Hungarian engineer and politician

Tibor Pogácsás (born 4 April 1964) is a Hungarian engineer and politician, member of the National Assembly (MP) for Monor (Pest County Constituency VII then X) from 1998 to 2002 and from 2010 to 2026. He was also MP from the Pest County Regional List of Fidesz between 2002 and 2006. He served as the mayor of Monor between 1998 and 2014.
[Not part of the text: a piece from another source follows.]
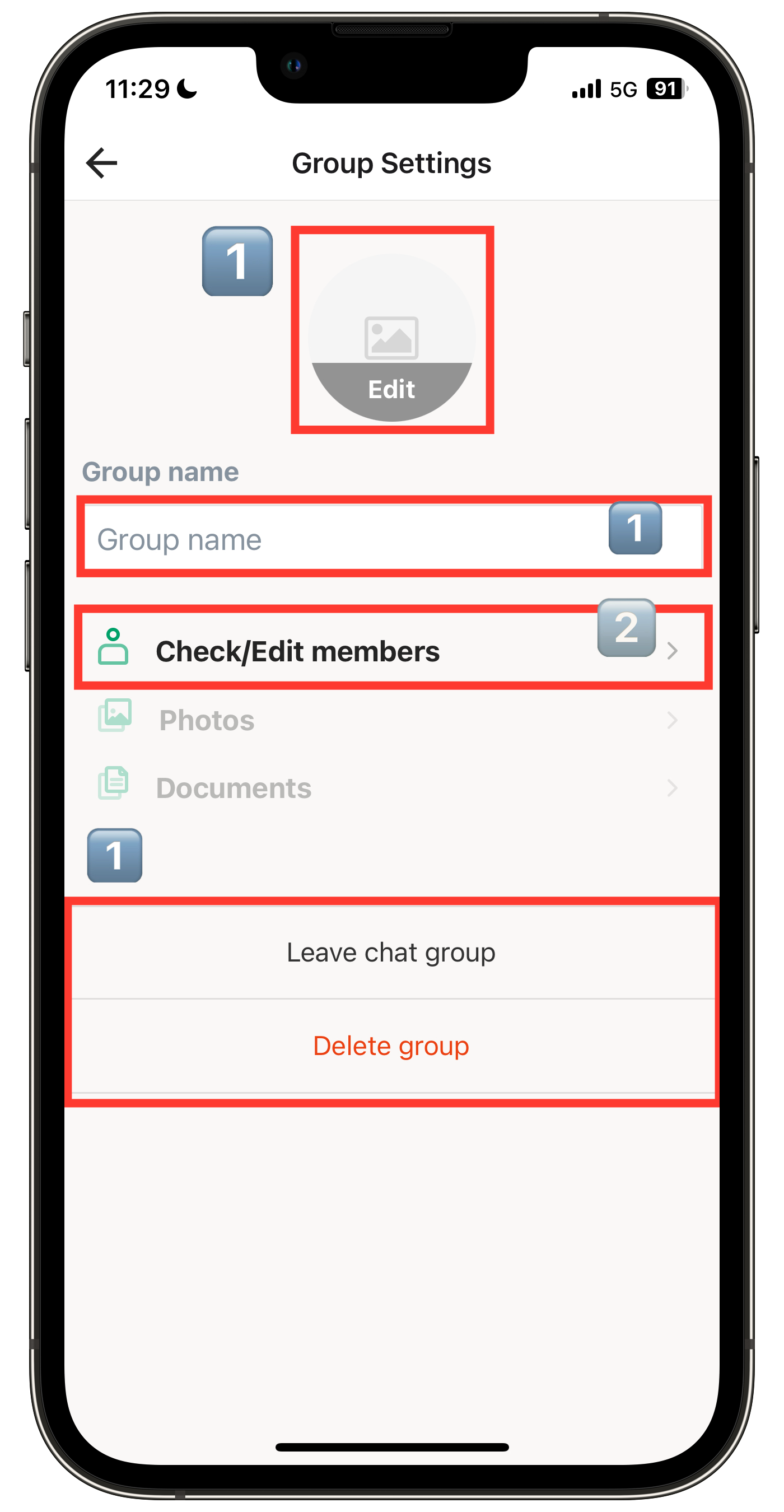 You can edit the group icon image/group name, leave the group, or delete the group.

In the national election of 1998 he was elected as MP for Monor (Constituency VII, Pest County). He became a member of the Committee on Regional Development. He was elected Mayor of Monor for the first time in 1998. In the general election in 2002 he was elected an MP from the party's the Pest County Regional List. Since the middle of May he had been working in the Police Committee. He was re-elected as Mayor of Monor on 20 October 2002.
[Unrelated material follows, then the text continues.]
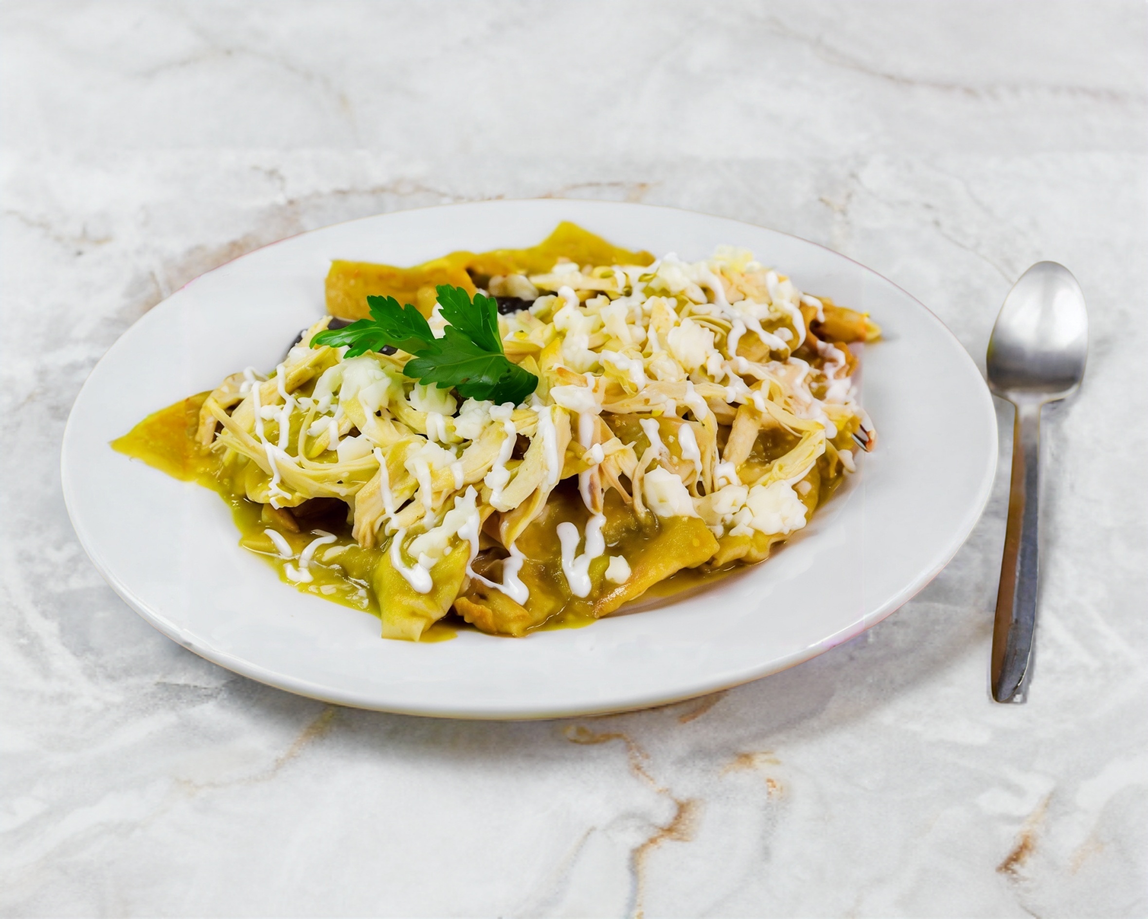 Salsa verde, crema, queso, cebolla

He lost his parliamentary seat during the parliamentary election in 2006, however he was able to hold his mayoral seat in October 2006. He was elected MP for Monor in the 2010 parliamentary election for the second time. He became a member of the Committee on Local Government and Regional Development on 14 May 2010. Following the 2014 parliamentary election, Pogácsás was one of the recorders of the National assembly for a short time, between May and June 2014. He was appointed Secretary of State for Local Government on 15 June 2014.

==Personal life==
He is married. His wife is Andrea Pogácsásné Berecz. They have three daughters, Réka, Dóra and Fanni.